22:30yoklov`(fn [f#] (f#))`, err, why do you need a gensym there?
22:30ztellmanalso, I'm actually pretty confused by all the hate on import-fn, what's not to like about being able to decouple the presentation of your API and the structure of your code?
22:30TimMcclojurebot: back in the day is http://www.stevemacdonald.org/lyrics/wiwab.html
22:30clojurebotYou don't have to tell me twice.
22:30TimMctechnomancy: ^
22:31TimMcAnd I wasn't kidding about using your name in symbols.
22:31TimMcexcept that I'm not actually that old
22:31ztellmanyoklov: as opposed to #((%)) ?
22:31technomancyTimMc: yeah, I occasionally write elisp, so I know that pain =(
22:31technomancyno module system
22:31TimMceep
22:31yoklovor just (fn [f] (f)), isn't f scoped so that it doesn't matter what you call it?
22:32ztellmanif you declare an ungensymed variable inside a macro, it will try to resolve it
22:32yoklovoh, you know, that makes sense.

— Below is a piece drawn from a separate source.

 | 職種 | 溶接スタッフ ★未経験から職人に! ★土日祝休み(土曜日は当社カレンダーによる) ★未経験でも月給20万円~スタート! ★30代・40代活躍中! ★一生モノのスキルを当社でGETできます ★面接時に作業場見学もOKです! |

22:32technomancyTimMc: most elispers cheat and use their initials
22:32technomancybut that's just asking for trouble!
22:33yoklovi don't write many macros but i've been constantly confused by their error messages when i do.
22:33TimMcorg_DOT_timmc_DOT_foo-project_123
22:33ztellmanyoklov: basically just gensym everything that isn't explicitly defined elsewhere
22:33TimMcI'll quote you as "basically just gensym everything"

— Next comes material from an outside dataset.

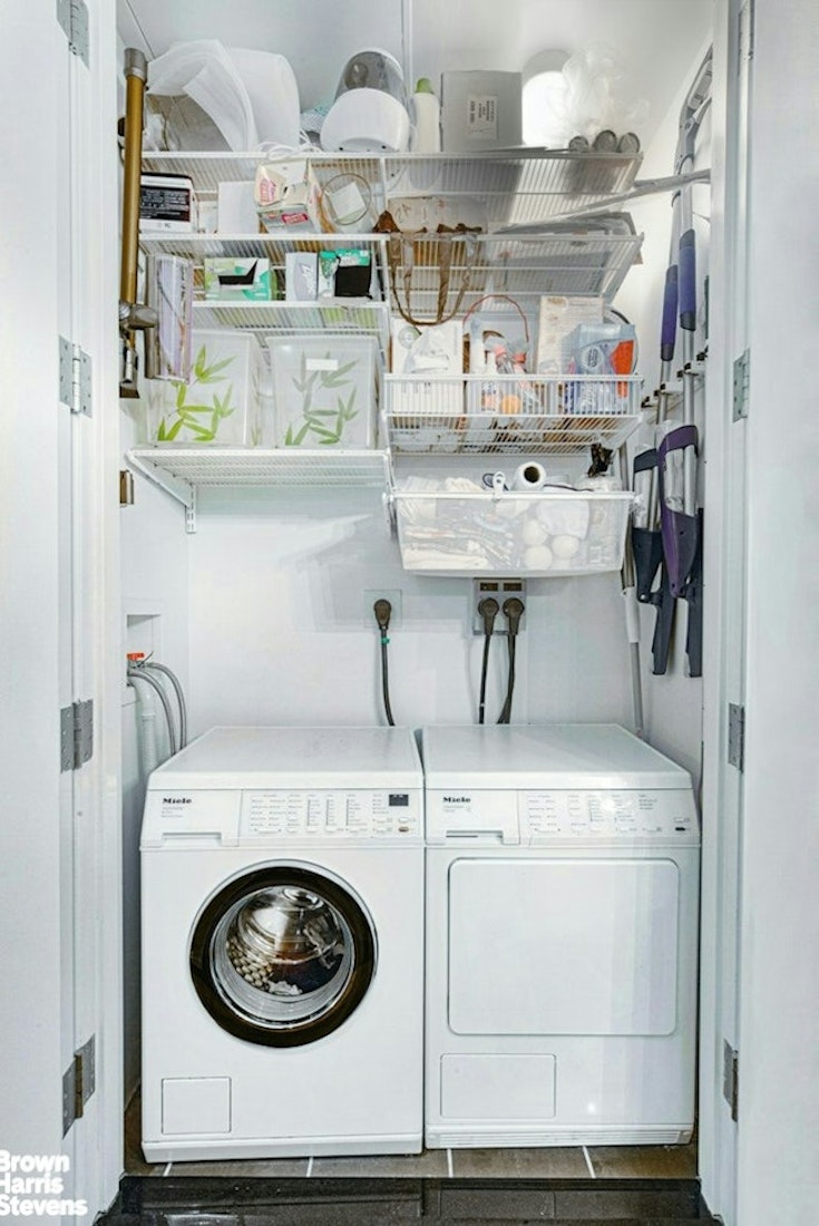This gracious three-bedroom residence overlooks a charming tree-lined street, with a loft-like Living/Dining Room with tall windows that open like French doors onto decorative wrought-iron balustrades. The open chef's kitchen is equipped with Florense eco-friendly cabinetry includes Caeserstone counters and sleek muted oak cabinetry, Miele and Viking appliances, a 54-bottle wine refrigerator, In Sink Erator garbage disposal, and Insta-hot water dispenser.

22:34TimMcgensym until it stops working
22:34qbggemsyms, gemsyms everywhere
22:34yoklovlol, thats what ends up happening but i've never really got why it was needed there. I didn't realize it resolves the things that weren't gensymed
22:35qbgthat and you don't want name conflicts
22:35qbg(usually)
22:35TimMc&`(f f#)
22:35lazybot⇒ (clojure.core/f f__9425__auto__)
22:35yoklovwell, right, but i gensym those
22:36TimMc:-)
22:36yoklovthings like (fn [f] (f)) i wouldn't have though
22:36yoklovand would have gotten an error
22:36amalloyclojurebot: qbg is <reply> <qbg> basically just gensym everything
22:36clojurebotc'est bon!
22:36TimMcamalloy: or ztellman maybe
22:37TimMcif you're into correct quoting and that sort of thing
22:37ztellmanmy battlecry
22:37TimMcs/quoting/attribution/
22:37amalloyoh. i can't read
22:38technomancyinteresting; defproject is the only defmacro in leiningen
22:42technomancywow, Opa is listed as a distinct language on github
22:42technomancypopularity: #71
22:42TimMcNever heard of it.
22:42technomancyjust above Ioke
22:43technomancyTimMc: it sounded to me like a web framework for ocaml, but I guess it claims to be a distinct language
22:44ibdknoxOpa is weird
22:44taliosOpa is a language from memory - but it serves client/server side in the same source file ( same method even )
22:44taliosWas a very…. odd looking setup.
22:44ibdknoxhttp://opalang.org/
22:45zakwilsonOh, good. ibdknox is here!
22:45zakwilsonibdknox: I'm looking for docs on Korma's join.
22:45taliosthey changed to a JS like syntax now? interesting
22:45ibdknoxzakwilson: I haven't generated 0.3 docs yet :/
22:46ibdknoxzakwilson: (join :inner :some-table-or-ent (= :some.key :some.otherkey))
22:46ibdknoxor
22:46technomancycan't find any lang rankend lower on github than opa
22:46ibdknox(join some-ent)
22:46ibdknox(join some-ent (= ...))
22:46zakwilsonibdknox: join is new? It responded... poorly to trying to use where, or the map syntax used by where.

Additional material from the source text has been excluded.